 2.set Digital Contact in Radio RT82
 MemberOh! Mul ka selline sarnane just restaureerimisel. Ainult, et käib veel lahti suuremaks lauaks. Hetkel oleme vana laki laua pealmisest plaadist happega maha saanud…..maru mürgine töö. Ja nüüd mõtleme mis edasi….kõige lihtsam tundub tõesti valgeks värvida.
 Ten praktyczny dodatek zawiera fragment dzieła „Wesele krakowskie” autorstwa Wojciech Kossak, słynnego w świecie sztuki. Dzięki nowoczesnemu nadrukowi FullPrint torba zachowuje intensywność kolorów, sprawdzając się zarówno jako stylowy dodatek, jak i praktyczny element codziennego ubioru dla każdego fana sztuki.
§
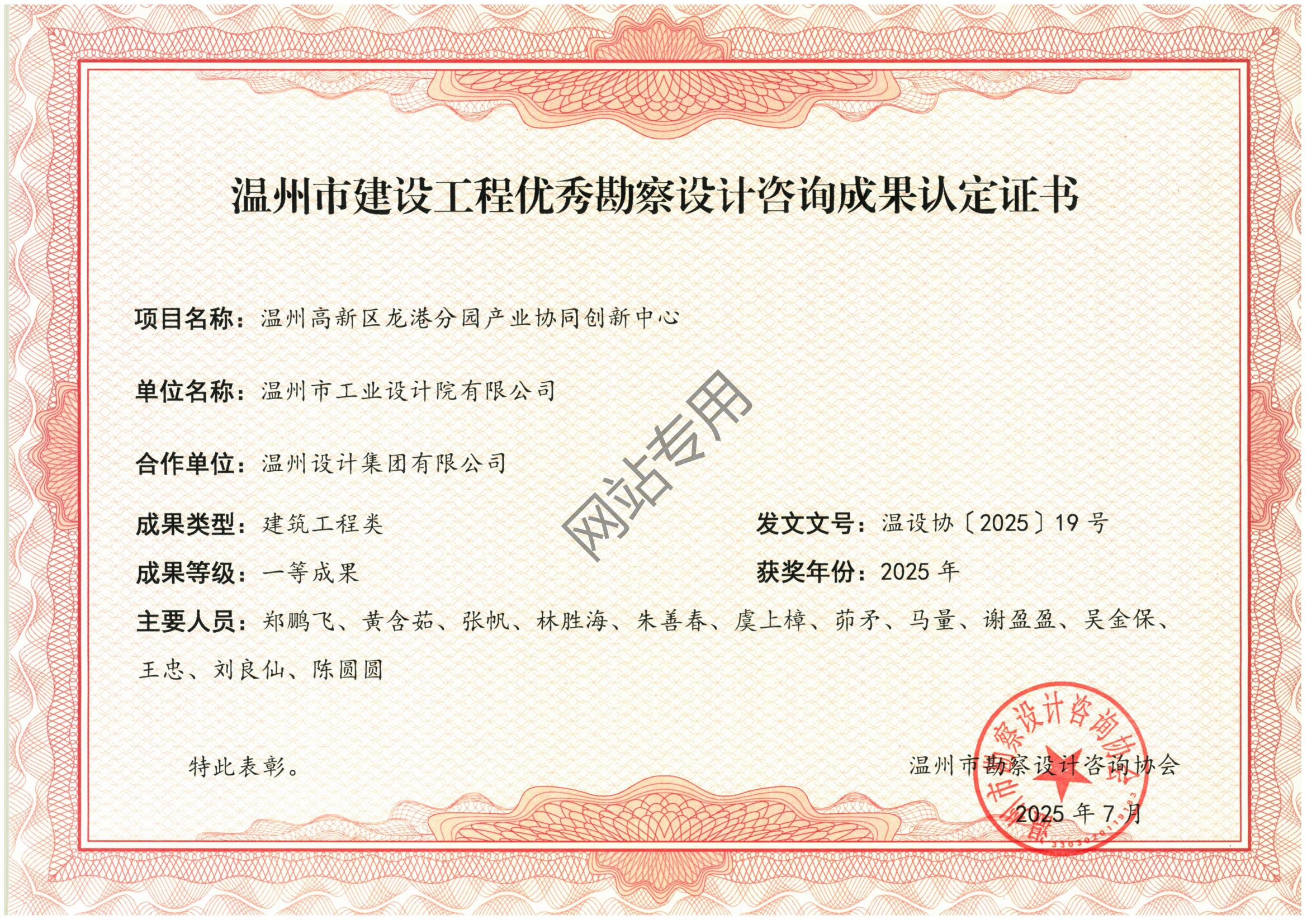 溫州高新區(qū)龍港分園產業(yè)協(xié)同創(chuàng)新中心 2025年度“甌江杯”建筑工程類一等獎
§
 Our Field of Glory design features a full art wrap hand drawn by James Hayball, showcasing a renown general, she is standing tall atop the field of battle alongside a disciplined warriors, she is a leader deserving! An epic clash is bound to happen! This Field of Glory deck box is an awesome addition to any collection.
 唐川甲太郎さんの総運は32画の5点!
§
■ EXERCISE DETAILS
Take exactly the lines from the one containing "2.set Digital Contact in Radio RT82" through the one containing "Ten praktyczny dodatek" in the data above, and output them with nothing added.

■ ANSWER FOR THIS EXERCISE
 2.set Digital Contact in Radio RT82
 MemberOh! Mul ka selline sarnane just restaureerimisel. Ainult, et käib veel lahti suuremaks lauaks. Hetkel oleme vana laki laua pealmisest plaadist happega maha saanud…..maru mürgine töö. Ja nüüd mõtleme mis edasi….kõige lihtsam tundub tõesti valgeks värvida.
 Ten praktyczny dodatek zawiera fragment dzieła „Wesele krakowskie” autorstwa Wojciech Kossak, słynnego w świecie sztuki. Dzięki nowoczesnemu nadrukowi FullPrint torba zachowuje intensywność kolorów, sprawdzając się zarówno jako stylowy dodatek, jak i praktyczny element codziennego ubioru dla każdego fana sztuki.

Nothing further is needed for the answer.